The Standard requires that your Quality Management System contain a documented (and maintained) purchasing process. This process should define how to evaluate suppliers and vendors based on their ability to deliver quality goods. It should also define how the organization establishes the purchasing criteria to be used when third-party products are going to be examined.

The goal of the purchasing process is to give your organization a consistent method for managing "buy" activities. The first part of the process is intended to help you deal with vendors who have the ability to meet your expectations and have proven this in the marketplace. This is important when purchasing. You are, in a very real way, giving up control of some commitments to your customer, placing them in someone else's hands. And so you want to take this step only with qualified vendors.

Next, you want to establish the functional or performance criteria the purchased component must meet. This objectifies the purchasing process. Purchase decisions can often be made based on relationships, or on a perceived "wow factor" in a product. This leads to emotional choices that may not be best for the project in the long term. A better approach is for the organization or the project team to define what the component must do up front in order to meet specific customer requirements and then define some form of comparative checklist that can be applied to product options. This gives the team a sound base for evaluating purchasing choices. 7.4.2. Purchasing information

The evaluation criteria described in the previous section is fully developed here in purchasing information.

The Standard requires that the project team, in working through the purchasing process, describe the product to be purchased in line with customer requirements. This description usually includes the criteria to be used for confirming the product's goodness-of-fit and approving its acquisition. It should also include such considerations as required vendor experience, qualifications, and market stability. To avoid undue outside influence, this information should be prepared by the team in advance of establishing vendor contacts.

This step in the purchasing process is key to the success of the process. This is the action that makes the method a "considered" one. By thinking out and documenting what it is exactly you need to purchase, you increase the likelihood that what you end up buying will be something that fits the needs of the project. It helps to remove (or at least lessen) the potential for impulse buying or for making a purchasing decision based on a relationship, not on the needs of your customer. 7.4.3. Verification of purchased product

The purchasing process also requires you to exercise due diligence for all purchases. The purpose here is to ensure that you are going to purchase components that will add value to the resulting product, that will take you closer to meeting customer requirements and performance expectations. And so the process includes steps for defining just what it is you need to purchase, what vendors are qualified to provide you with the goods, and what criteria you will use to make a purchasing decision. With all of this in place, you can proceed with the acquisition.

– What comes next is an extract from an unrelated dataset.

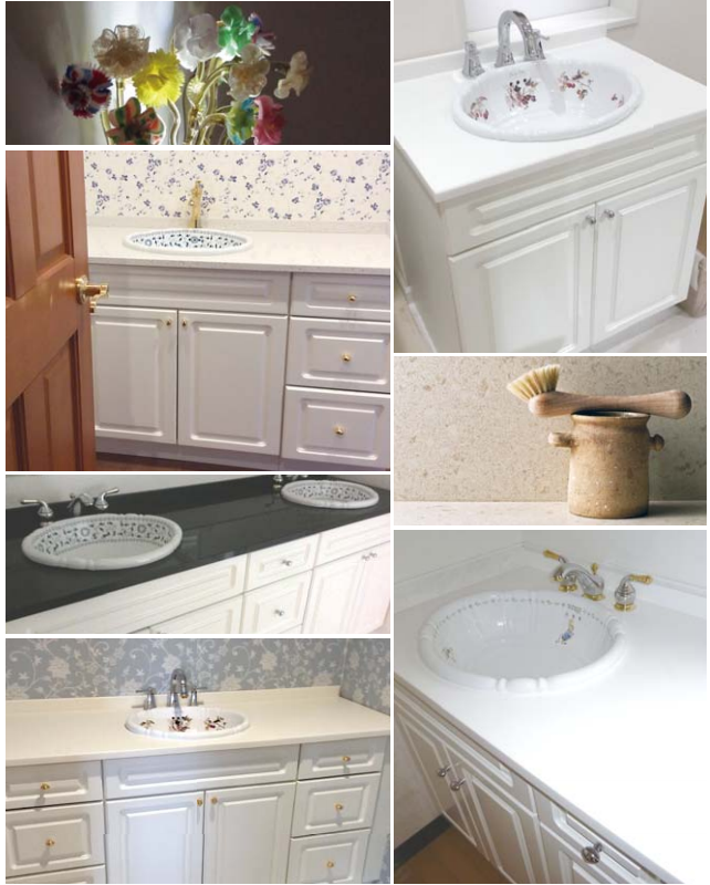 お客様のご選択するカウンター材の素材もFRP強化樹脂、人造大理石から

But before the deal is done, you need to take one final step: you need to verify that the purchased product does in fact meet those purchasing criteria.

So before you incorporate the componentbefore you integrate it with other componentsyou need to take a look at your criteria and inspect the product (what was actually delivered to you) against that. This verification process (you'll typically see this performed as an inspection or a series of acceptance tests) should be incorporated into the purchasing information (see Section 7.4.2). That way, the vendor will know what functional/performance features need to be met, as well as what acceptance process will be undertaken to bring the deal to a successful close.

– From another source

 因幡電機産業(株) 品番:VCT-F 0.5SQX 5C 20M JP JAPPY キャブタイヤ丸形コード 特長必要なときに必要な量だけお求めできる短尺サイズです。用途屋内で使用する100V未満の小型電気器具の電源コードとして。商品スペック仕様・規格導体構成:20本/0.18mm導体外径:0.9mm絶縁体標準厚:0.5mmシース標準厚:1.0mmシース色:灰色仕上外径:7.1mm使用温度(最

Once this final step is completed, you can integrate the acquired component with your other elements.

5.8.5. 7.5. Production and Service Provision

Section 7.3 sets forth requirements for design and development activities. Section 7.5 rounds this out with requirements for production and service provisioning.

Section 7.5 complements Section 7.3. It adds to 7.3. Design and development contains a series of discrete activities: inputs, outputs, verification steps, and so on. Product and service provision provides a framework under which you can conduct the design and development activities.

This section is organized into five subsections:

Control of provision

Establishes requirements for ensuring that provisioning activities are carried out in a planned, monitored, and controlled manner.


Establishes requirements for ensuring that your verification activities are appropriate for the kinds of work products being created.

Identification and traceability

Defines requirements for ensuring that work products moving through the production process are uniquely tagged or otherwise identified so that they may be traced effectively.

Customer property

Establishes requirements for protecting any customer property you might have in your possession.

Preservation of product

Describes how to protect the integrity of your work products during every phase of the life cycle.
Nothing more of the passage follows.